**What you need to do**
Using the records below, repeat exactly the lines from the one holding "Refer to Configure" through the one holding "Pastel Watercolor Hydrangea", both ends included, and no others.

**Data**
+++++
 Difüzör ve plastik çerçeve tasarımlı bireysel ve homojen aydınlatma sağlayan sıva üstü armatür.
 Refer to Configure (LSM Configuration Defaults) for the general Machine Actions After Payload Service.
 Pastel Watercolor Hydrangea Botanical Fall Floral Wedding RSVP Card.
+++++
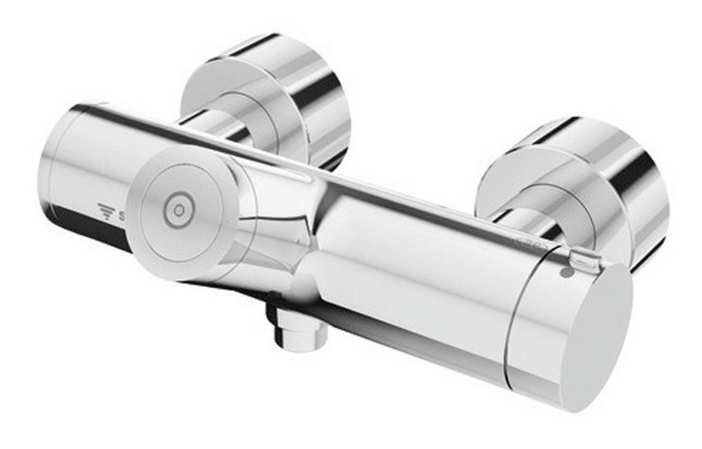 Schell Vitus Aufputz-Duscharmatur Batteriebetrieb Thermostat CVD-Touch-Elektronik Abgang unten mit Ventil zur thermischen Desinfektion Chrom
+++++
**Problem solution**
 Refer to Configure (LSM Configuration Defaults) for the general Machine Actions After Payload Service.
 Pastel Watercolor Hydrangea Botanical Fall Floral Wedding RSVP Card.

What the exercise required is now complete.